L’histoire. La vie sans fards est l’autobiographie de Maryse Condé qui revient sur les événements marquants de la première partie de sa vie, les années africaines. Dernière-née dernière d’une grande fratrie, elle passe une enfance heureuse, choyée et à l’abri de tout. Après des études parisiennes, elle rencontre Jean Dominique, journaliste opposant haïtien à Duvalier, et vit une histoire passionnée avec lui jusqu’à ce qu’il la quitte brutalement pour mener une carrière politique. Grâce à lui elle découvre Toussaint Louverture et Jacques Roumain (l’auteur de Gouverneurs de la Rosée) et, surtout, Haïti. De cette union naîtra un fils, Denis.

Elle fait un mariage de raison avec Mamadou Condé, comédien de théâtre et part avec lui en Afrique. Quelques années plus tard, mère de trois filles, divorcée mais toujours en contact avec son mari, elle reste en Afrique et élève seule et tant bien que mal ses quatre enfants. Après Bingerville et Abidjan en Côte d’Ivoire, elle séjournera en Guinée à Conakry, puis au Ghana, ne bénéficiant que de contrats d’enseignante précaires et mal payés. Malgré tous ses efforts elle ne réussira pas à se faire accepter par les Africains. Elle dira sur ce sujet page 42 : Car, je m’en aperçus tout de suite, les Antillais ne vivaient qu’entre eux. A travers l’ensemble du continent africain, un fossé les séparait des Africains. Ils ne se fréquentaient pas et je fus tentée de me faire une opinion sur les raisons d’une telle situation. Je me refusai à croire que les Africains détestaient les Antillais. Qu’ils les croyaient habités d’un sentiment de supériorité qu’à leurs yeux, rien ne justifiait. N’étaient-ce pas d’anciens esclaves, disaient-ils avec mépris, confondant esclavage domestique et esclavage de traite ? Cela étant, elle ne quittera l’Afrique que très longtemps après, trop orgueilleuse pour admettre qu’elle ne lui rendra jamais l’amour qu’elle lui porte.

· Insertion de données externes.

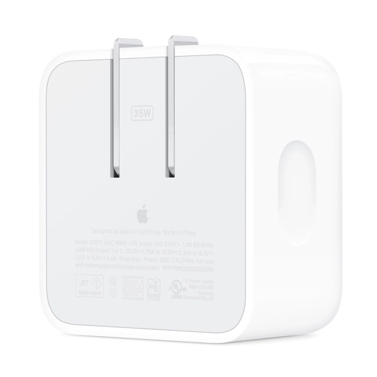 Компактний адаптер живлення з двома портами USB-C потужністю 35 Вт дозволяє заряджати два пристрої одночасно вдома, в офісі або в дорозі. Компактний розмір і складні штирі полегшують упаковку і зберігання. Apple рекомендує використовувати його з MacBook Air. Ви також можете використовувати його з iPhone, iPad, Apple Watch та AirPods.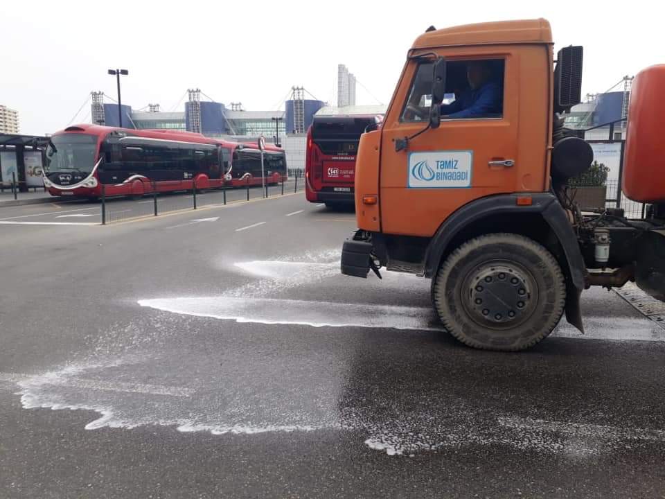 Bakı Beynəlxalq Avtovağzal Kompleksində koronavirus (COVİD-19) infeksiyası ilə mübarizə istiqamətində həyata keçirilən zəruri təhlükəsizlik tədbirləri və dezinfeksiya işləri bütün dövr ərzində mütəmadi olaraq yerinə yetirilir. Avtosfe.az xəbər verir ki, hazırda virusun yayılmasının qarşısını almaq məqsədilə avtovağzal ərazisində, xüsusilə Nəqliyyat Qovşağında dezinfeksiya prosesi davam edir.

Lors d’un bref passage à Paris, elle vivra sa deuxième passion amoureuse avec Jacques, fils naturel de François Duvalier, qui n’était pas encore le terrifiant dictateur d’Haïti et le chef sanguinaire des sinistres tontons macoutes. Prise de remords pour ses enfants, c’est elle qui le quittera en retournant en Afrique.

La vie sans fards est aussi une sorte de panorama littéraire et l’occasion pour l’auteure de nous parler de la naissance de sa vocation d’écrivain et d’expliquer pourquoi elle n’a commencé à écrire qu’à la quarantaine.

La passion de l’écriture a fondu sur moi presque à mon insu. (…) Je n’ai pas été un écrivain précoce, griffonnant à seize ans des textes géniaux. Mon premier roman est paru à mes quarante-deux ans… La principale raison qui explique que j’ai tant tardé à écrire, c’est que j’étais si occupée à vivre douloureusement que je n’avais de loisir pour rien d’autre. En fait, je n’ai commencé à écrire que lorsque j’ai eu moins de problèmes et que j’ai pu troquer des drames de papier contre de vrais drames.

Maryse Condé revient en de fréquents allers retours sur ses sources d’inspiration, sur les personnages de ses précédents livres, ainsi que sur les circonstances dans lesquelles elle les a écrits. Elle explique son écriture d’hier à la lueur de son autobiographie d’aujourd’hui. Comme je n’ai rien lu d’elle auparavant (ce que j’ai bien l’intention de changer), je n’ai pas pu juger si cette sorte de condensé explicatif était utile et efficient.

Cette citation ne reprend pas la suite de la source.